Прежде чем войти в горницу, он постучал. Однако ответа не получил. Тогда он распахнул дверь и покрепче вцепился в кочергу.
Но комната была такой же, как прежде. И всё же не совсем такой же…
Исчезла собачья шкура с ухмыляющейся мордой. И эта пропажа зияла пустотой на столе, в горнице, в безмолвии. Хотя он и пытался объяснить себе, пытался поверить, что это Эмима вернулась, чтобы забрать шкуру, что это её он на самом деле видел в дверях, что она дуется на него и поэтому не поздоровалась, что всё это вместе взятое — совершенная глупость, что ему наплевать, что по-другому просто и быть не может… Хотя он был абсолютно уверен, что в этот раз точно, без всякого сомнения, запер дверь.
XIV
Время от времени ему казалось, что он ничего больше не понимает, потому что всё произошедшее как-то отодвинулось, прошло мимо — почти так, как будто на самом деле ничего и не случилось. Каким образом Михник и Эмима в ночь святой Луции вошли в церковный дом, несмотря на запертую дверь, он тоже не понимал. Утром он просто-напросто обнаружил их в горнице. И никто даже не упомянул запертую дверь. Поэтому он предпочёл оставить всё случившееся при себе. И в конце концов даже засомневался, действительно ли он запер дверь. И про собачью, а может, волчью, шкуру тоже предпочёл не упоминать. Она исчезла…
Правда, в эти дни он пил больше обычного.
В сущности, он чувствовал себя отвергнутым, обойдённым, даже ничтожным, и, так сказать, его уже списали со счетов, хотя вслух этого пока не говорили. Например, Михник проинформировал его, что впредь они будут звонить иначе… и не сказал как. Что же касается церкви — похоже, было уже решено, что жители деревни сами приведут её в порядок и украсят. Поэтому ему не оставалось ничего другого, кроме как изо дня в день хлестать жганье, а ночами пьяно и покорно надеяться, что раньше или позже Эмиме снова захочется близости.

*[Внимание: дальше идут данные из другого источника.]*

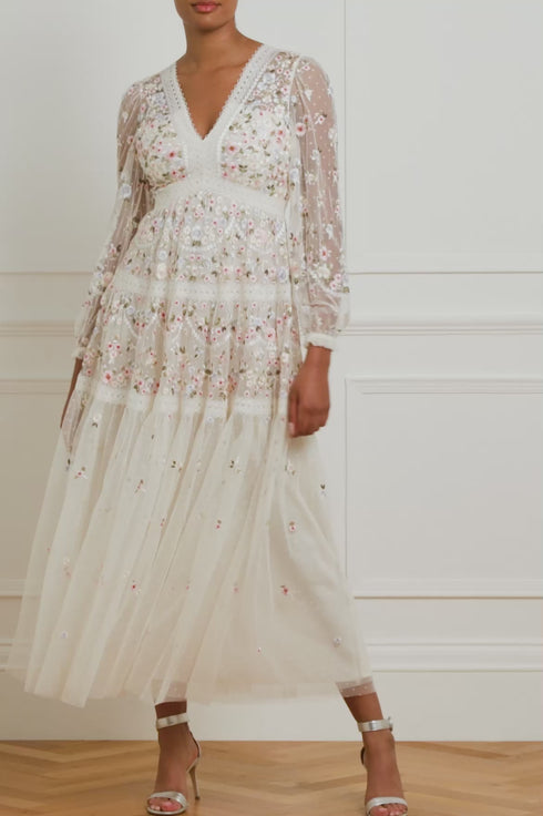 The Garland Ribbon Ankle Gown in Cream This embroidered gown is inspired by Victorian lace trims. Beautifully designed with floral embroidery in soft pastel tones. Developed with a V-shaped waist seam to create a flattering, effortless fit. This gown is adorned with intricate lace trims for signature Needle & Thread detailing. A pretty piece you'll forever treasure.
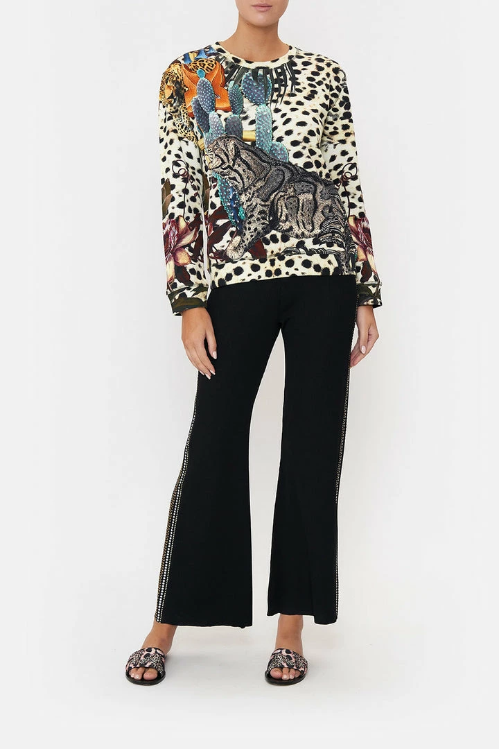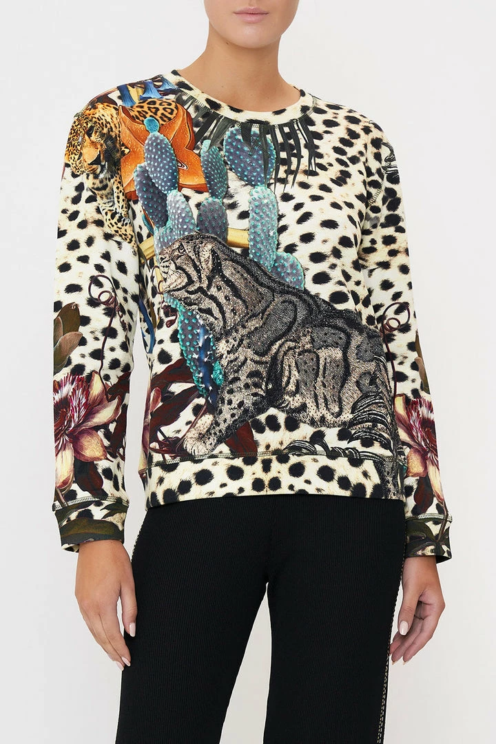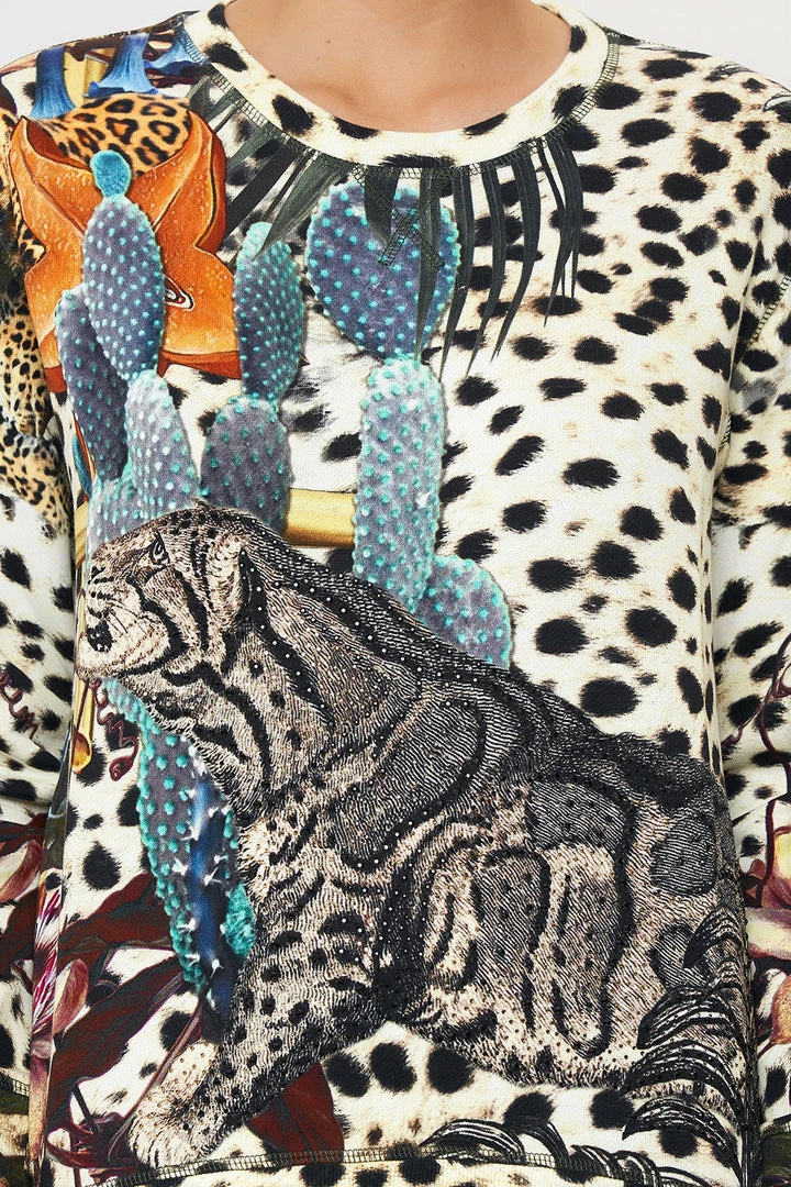 An elixir of Pachamama’s highest divines, the Natural Instinct Round Neck Sweater is enveloped by a soft cheetah print adorning slated blue cacti, big cat portraits and exotic botanicals. Crafted from luxe breathable cotton, this luxury winter jumper sports an oversized relaxed silhouette, a classic rounded neckline, ribbed accents and a subtle drop shoulder.

Он часто думал, что нужно пойти к декану, но это было всё, на что хватало его сил. Потому что решиться было трудно, а мысль пуститься в дорогу по такому снегу и в такой мороз казалась скорее шуткой. Поэтому, безусловно, лучше было ждать и держать себя в руках в присутствии старика, который молчаливо и хмуро расхаживал по дому.
Таким одиноким и отвергнутым он себя никогда раньше не чувствовал. У него никого не было, никого он не интересовал, он даже самому себе надоел и мешал. И история с Куколкой всё ещё отзывалась в нём болью. Она только поиграла с ним — и оставила в дураках… Иначе он не мог думать: она была с ними заодно — и с Михником, и с Эмимой; возможно, все, кто был в трактире, организовали заговор, о котором он даже не догадывался, и таким образом мешали ему донести обо всём руководству. Не раз он собирался просто так с утра взять и заглянуть в трактир, и самолично во всём удостовериться, и высказать всё бесстыжей стерве. Это бы ни к чему не привело. И всё же… Он бы показал этим чёртовым отродьям, что может и готов в одиночку встать посреди трактира и решиться выступить один против всех, если так нужно, и что он может ударить, и чертовски сильно ударить. Потом они могли бы, пожалуй, его убить, да, и он чувствовал бы себя героем. И если бы он пал, то пал бы как мужчина, как герой — так сказать, как скала истины и достоинства…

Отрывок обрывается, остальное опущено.